> _TASK_
An exact copy of the listing below is needed, with no pictures in it.

> _SOURCE MATERIAL_
____________________
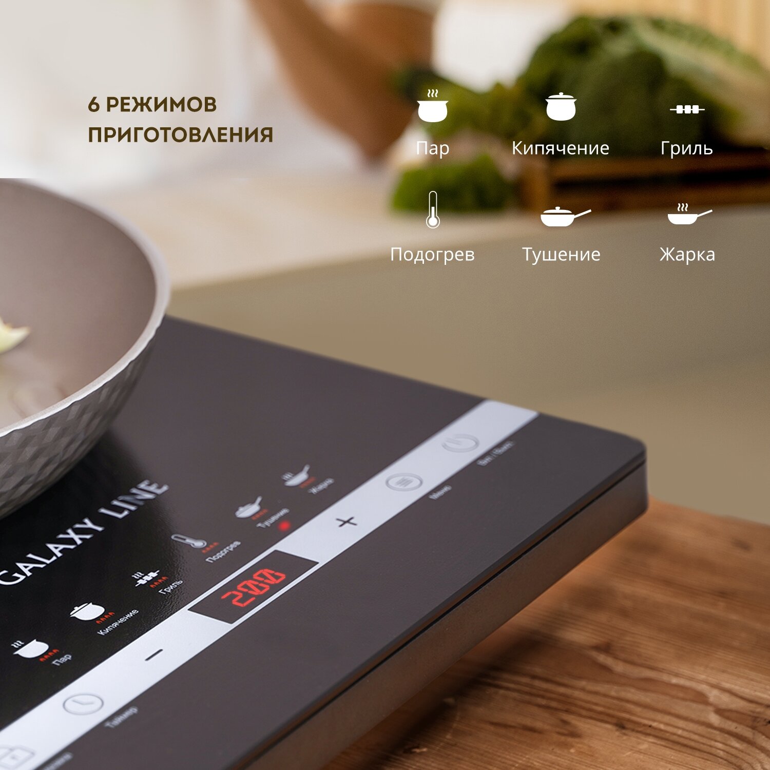 Лучшие цены. Плитка GALAXY LINE GL3030 обеспечивает высокоскоростной инфракрасный нагрев, благодаря которому пища готовится значительно быстрее, чем на обычной плитке, а также имеет превосходные вкусовые качества и сохраняет все полезные свойства. Для приготовления блюд на инфракрасной плитке можно использовать посуду, изготовленную из жаропрочного стекла, керамики, алюминия, нержавеющей стали или чугуна с плоским дном диаметром не более 20 см. Вытирайте насухо дно посуды перед ее установкой на плиту. Магазины в вашем городе.
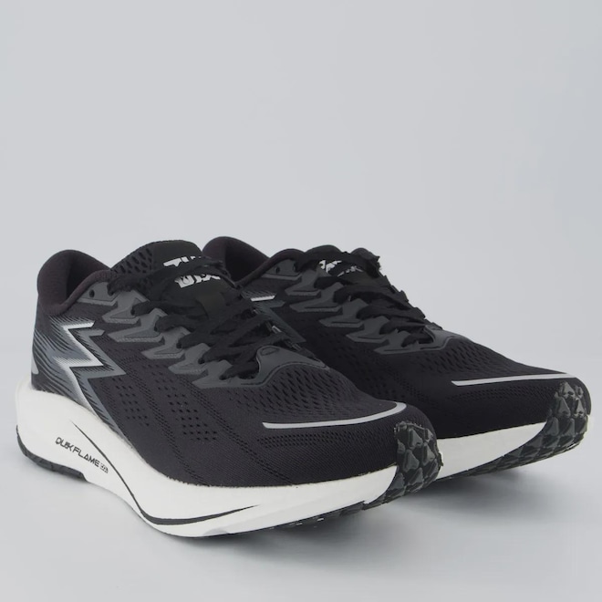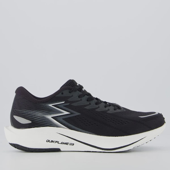 TecnologiasQU!KCQTech (Carbon Qu!ktical Tech): Entressola com espuma de ETPU de alta performance, leve e super resiliente, feita com carbono reciclado em processo de espumação supercrítica. Garante excelente absorção de impacto, retorno de energia e menor pegada ambiental.QUIKBONE: Estrutura interna de suporte que favorece a estabilidade e otimiza a transição da passada, proporcionando maior controle e impulso.CQT EXTREM3: Amortecimento extremo e resposta imediata, pensada para corredores de alta performance que exigem máxima eficiência energética.Composição cabedal (parte superior): Material têxtil e sintéticoPalmilha: EVA e removível; facilita no momento da higienizaçãoForro: Revestimento em material têxtil respirávelSolado: Borracha com função antiderrapante, coladoAltura da sola: 4cmEntressola: EVA leve e resistenteLingueta: Fina e flexívelCor predominante: PretaIndicado para: Corrida (ideal para corridas curtas, treinos de pista e competições explosivas)Origem: ImportadaAjuste: CadarçoGênero: MasculinoPeso aproximado: 470g o par nº 40
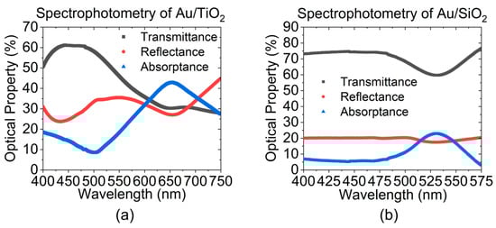 Spectrophotometry of (a) Au/TiO2 and (b) Au/SiO2 nanocomposites on planar quartz substrates showing representative LSPR absorption bands in the visible range.
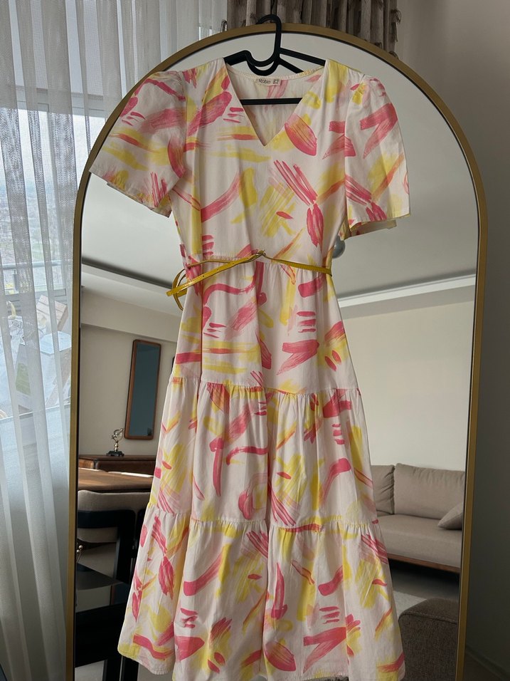Yumuşak sentetik kumaştan, bol kesim, V yaka ve drapeli, pastel tonlarda çok renkli batik desenli uzun elbise.
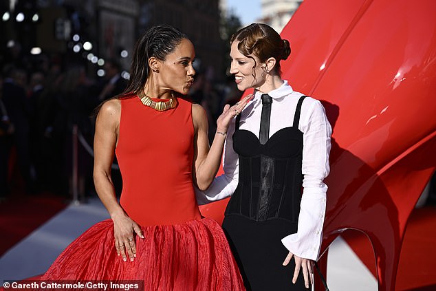 Presenter Alex, 41, caught the eye in a bold red sleeveless gown while singer Jess, 36, cut a trendy figure in a black corset gown which she layered over a smart white shirt and black tie
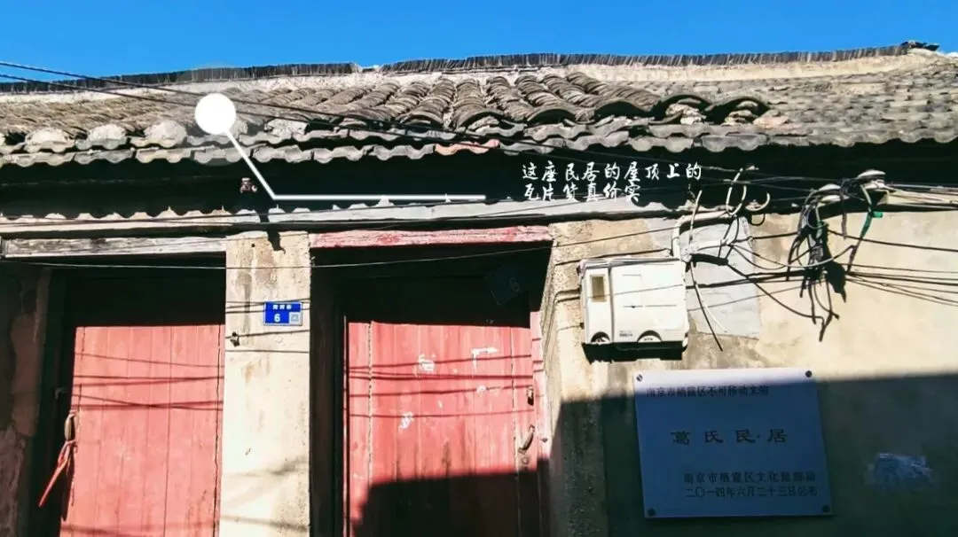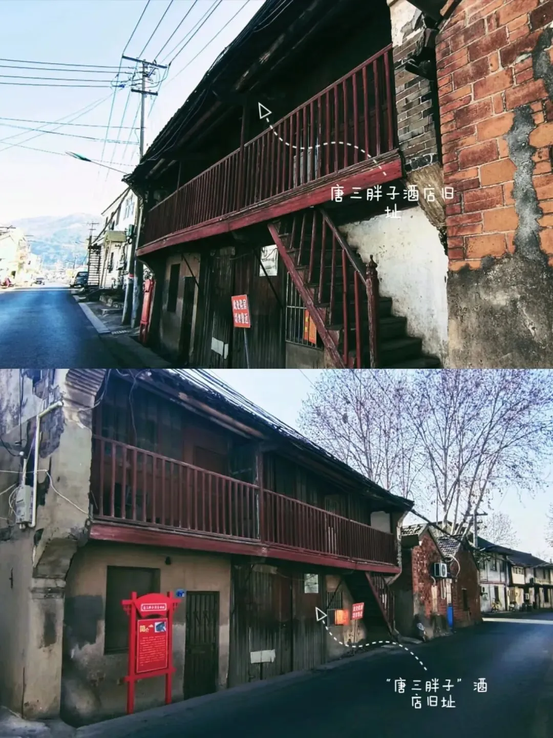 冬季有些干涸的河流两岸留存着低矮的住宅建筑,它们背靠起伏的山峦,此刻一切想象中该有的景致都具象化了,我瞬间明白了“龙潭古镇”的“古”字不是仿古,作为一名外来人员能感受到这里历史文化民俗古朴的气息,这种气息不是“旧时堂前”的门阀距离感,或乌衣巷口的烟花柳巷般的纸醉金迷感,这里透露着旧时商贾云集交通贩售买卖的热闹且不失自我秩序的小家业感。当我停下来站在一处临街布满斑驳红漆的二层木楼建筑前,情不自禁地被它的外楼梯吸引,这个楼梯设计一看就是给外来客人用的,果然在这个看似不起眼普通的二层小木楼外,立着一块简介:“唐氏民居”是一幢坐南朝北的砖木结构二层楼,楼上有木栅栏走廊,由绰号“唐三胖子”的当地人唐国泰建于民国初年,至今保存完好,没有改动过,唐家人经商居多,在龙潭素有“唐半街”之称。当我看得颇有滋味时,忽然耳旁传来一个骑着电动三轮车的当地大爷的声音:“这有啥好看的啊,你不如去拍拍宝华山的那个尼姑庵。”我一听,不禁窃笑,随口应和一句:“哈哈,这楼有特色。就像《武林外传》里的同福客栈。”总之,这里能看见不少保存完整的非仿制旧民居,它们曾属于那些普通的劳苦大众,商贾小生意人,宛如打开宋代清明上河图画卷。。。。。。
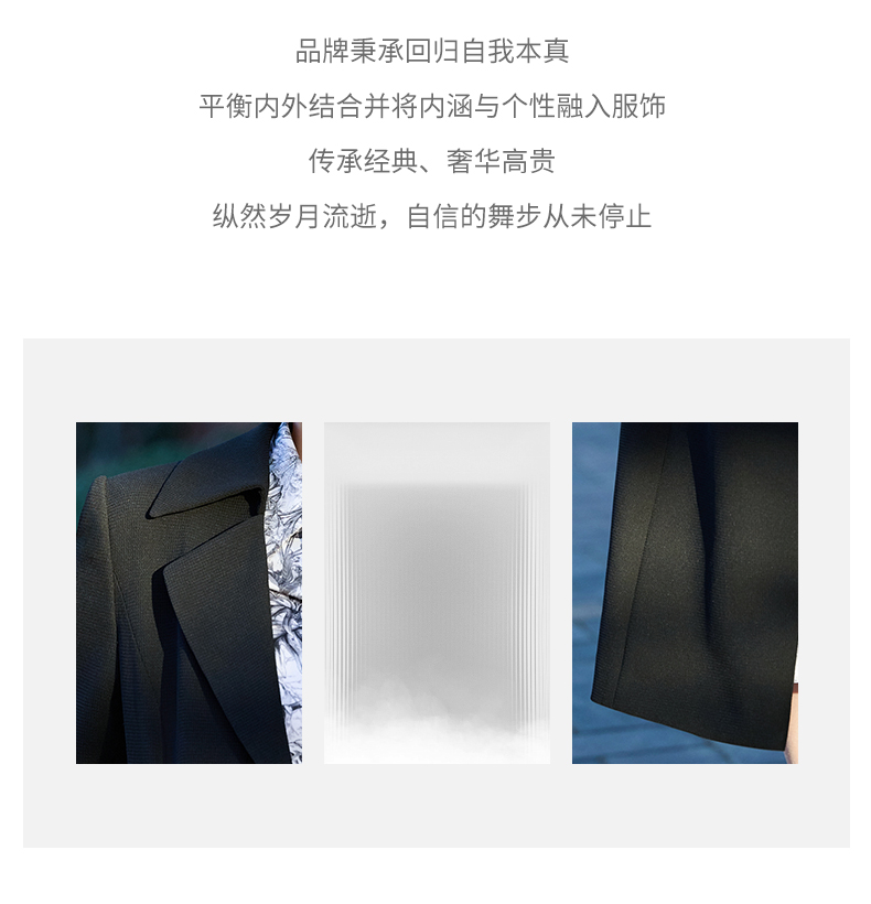 成熟、稳重、高贵典雅、大方得体 融合东方文化的含蓄和法国的浪漫 将创意的艺术性与消费需求相结合 为自信女性塑造高品质场合服装
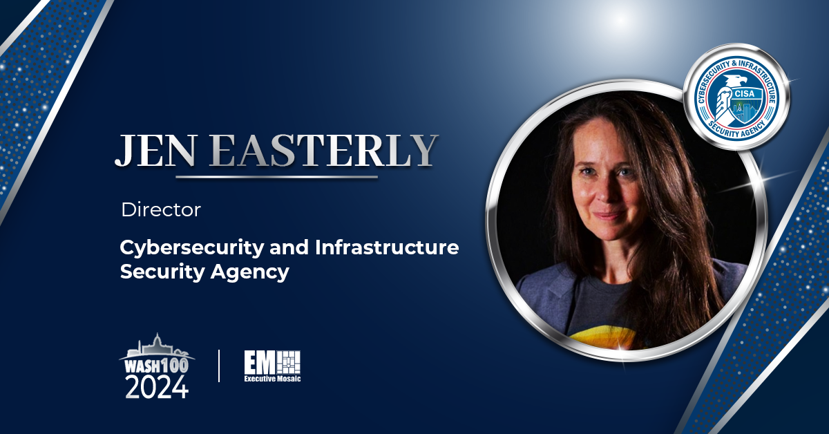 Executive Mosaic is thrilled to honor Jen Easterly, director of the Cybersecurity and Infrastructure Security Agency, with a 2024 Wash100 Award in recognition of her commitment to cybersecurity and her exploration of the role it plays in the adoption of advanced technologies.
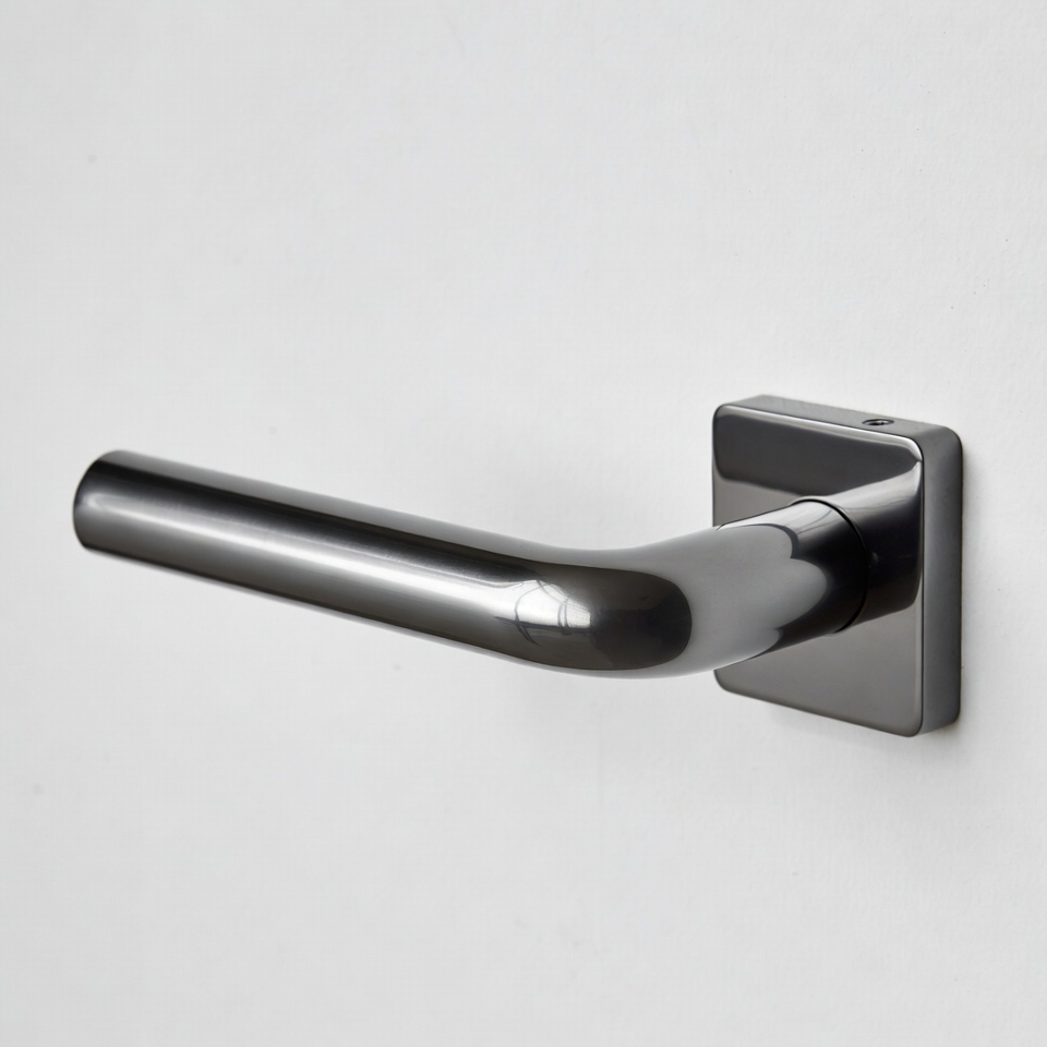 black handle, contemporary design, door hardware, door lever, escutcheon plate, hardware, isolated background, lever handle, matte black, modern handle, white wall, door handle
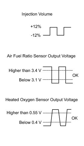 * The air fuel ratio sensor has an output delay of a few seconds and the heated oxygen sensor has a maximum output delay of approximately 20 seconds.
____________________
> _SOLUTION TO THE PROBLEM_
 Лучшие цены. Плитка GALAXY LINE GL3030 обеспечивает высокоскоростной инфракрасный нагрев, благодаря которому пища готовится значительно быстрее, чем на обычной плитке, а также имеет превосходные вкусовые качества и сохраняет все полезные свойства. Для приготовления блюд на инфракрасной плитке можно использовать посуду, изготовленную из жаропрочного стекла, керамики, алюминия, нержавеющей стали или чугуна с плоским дном диаметром не более 20 см. Вытирайте насухо дно посуды перед ее установкой на плиту. Магазины в вашем городе.
 TecnologiasQU!KCQTech (Carbon Qu!ktical Tech): Entressola com espuma de ETPU de alta performance, leve e super resiliente, feita com carbono reciclado em processo de espumação supercrítica. Garante excelente absorção de impacto, retorno de energia e menor pegada ambiental.QUIKBONE: Estrutura interna de suporte que favorece a estabilidade e otimiza a transição da passada, proporcionando maior controle e impulso.CQT EXTREM3: Amortecimento extremo e resposta imediata, pensada para corredores de alta performance que exigem máxima eficiência energética.Composição cabedal (parte superior): Material têxtil e sintéticoPalmilha: EVA e removível; facilita no momento da higienizaçãoForro: Revestimento em material têxtil respirávelSolado: Borracha com função antiderrapante, coladoAltura da sola: 4cmEntressola: EVA leve e resistenteLingueta: Fina e flexívelCor predominante: PretaIndicado para: Corrida (ideal para corridas curtas, treinos de pista e competições explosivas)Origem: ImportadaAjuste: CadarçoGênero: MasculinoPeso aproximado: 470g o par nº 40
 Spectrophotometry of (a) Au/TiO2 and (b) Au/SiO2 nanocomposites on planar quartz substrates showing representative LSPR absorption bands in the visible range.
Yumuşak sentetik kumaştan, bol kesim, V yaka ve drapeli, pastel tonlarda çok renkli batik desenli uzun elbise.
 Presenter Alex, 41, caught the eye in a bold red sleeveless gown while singer Jess, 36, cut a trendy figure in a black corset gown which she layered over a smart white shirt and black tie
 冬季有些干涸的河流两岸留存着低矮的住宅建筑,它们背靠起伏的山峦,此刻一切想象中该有的景致都具象化了,我瞬间明白了“龙潭古镇”的“古”字不是仿古,作为一名外来人员能感受到这里历史文化民俗古朴的气息,这种气息不是“旧时堂前”的门阀距离感,或乌衣巷口的烟花柳巷般的纸醉金迷感,这里透露着旧时商贾云集交通贩售买卖的热闹且不失自我秩序的小家业感。当我停下来站在一处临街布满斑驳红漆的二层木楼建筑前,情不自禁地被它的外楼梯吸引,这个楼梯设计一看就是给外来客人用的,果然在这个看似不起眼普通的二层小木楼外,立着一块简介:“唐氏民居”是一幢坐南朝北的砖木结构二层楼,楼上有木栅栏走廊,由绰号“唐三胖子”的当地人唐国泰建于民国初年,至今保存完好,没有改动过,唐家人经商居多,在龙潭素有“唐半街”之称。当我看得颇有滋味时,忽然耳旁传来一个骑着电动三轮车的当地大爷的声音:“这有啥好看的啊,你不如去拍拍宝华山的那个尼姑庵。”我一听,不禁窃笑,随口应和一句:“哈哈,这楼有特色。就像《武林外传》里的同福客栈。”总之,这里能看见不少保存完整的非仿制旧民居,它们曾属于那些普通的劳苦大众,商贾小生意人,宛如打开宋代清明上河图画卷。。。。。。
 成熟、稳重、高贵典雅、大方得体 融合东方文化的含蓄和法国的浪漫 将创意的艺术性与消费需求相结合 为自信女性塑造高品质场合服装
 Executive Mosaic is thrilled to honor Jen Easterly, director of the Cybersecurity and Infrastructure Security Agency, with a 2024 Wash100 Award in recognition of her commitment to cybersecurity and her exploration of the role it plays in the adoption of advanced technologies.
 black handle, contemporary design, door hardware, door lever, escutcheon plate, hardware, isolated background, lever handle, matte black, modern handle, white wall, door handle
 * The air fuel ratio sensor has an output delay of a few seconds and the heated oxygen sensor has a maximum output delay of approximately 20 seconds.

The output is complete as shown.